**EXERCISE DATA:**
============================================================

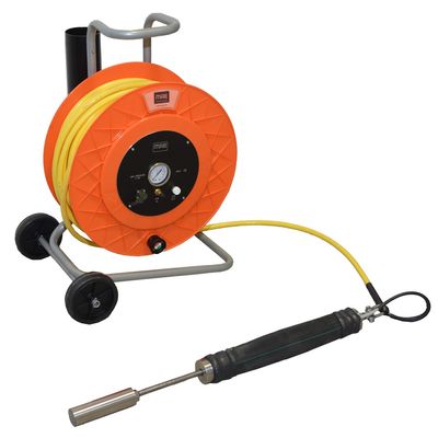- Trigger connector, pressure gauge, pressurization valve and depressurization sensor on front panel of the cable reel
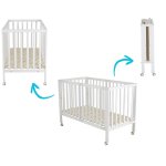Patut pliabil din lemn pentru copii Cangaroo Nova 124.5x65x86 cm, somiera reglabila pe 3 nivele de inaltime, 4 roti cu sistem de blocare, materiale si vopsele sigure
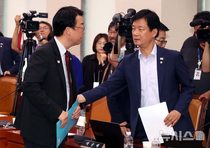 [서울=뉴시스] 조성봉 기자 = 박균택 더불어민주당 이의원이 16일 오전 서울 여의도 국회에서 열린 법사위 전체회의에서 곽규택(왼쪽) 국민의힘 의원과 대화를 하고 있다. 2025.09.16. [email protected]
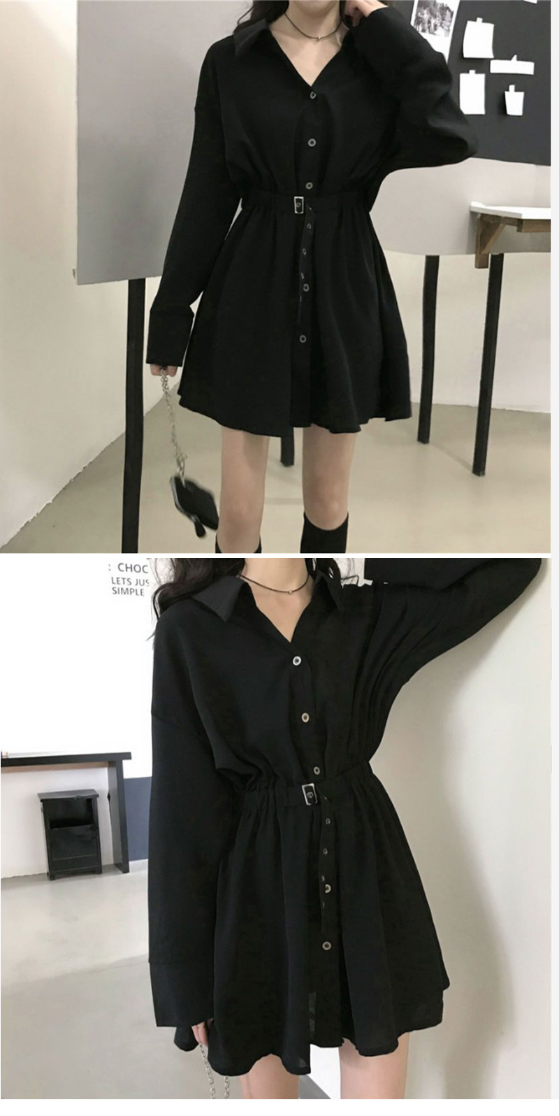 ALORA 黑系腰部釦帶襯衫洋裝,ALORA

============================================================

**INSTRUCTIONS FOR THE TASK:** Only exact copies are wanted here. Write out the lines from the one containing "Patut pliabil din" through the end of the material and no others, omitting all pictures.

**RESPONSE AREA:**
Patut pliabil din lemn pentru copii Cangaroo Nova 124.5x65x86 cm, somiera reglabila pe 3 nivele de inaltime, 4 roti cu sistem de blocare, materiale si vopsele sigure
 [서울=뉴시스] 조성봉 기자 = 박균택 더불어민주당 이의원이 16일 오전 서울 여의도 국회에서 열린 법사위 전체회의에서 곽규택(왼쪽) 국민의힘 의원과 대화를 하고 있다. 2025.09.16. [email protected]
 ALORA 黑系腰部釦帶襯衫洋裝,ALORA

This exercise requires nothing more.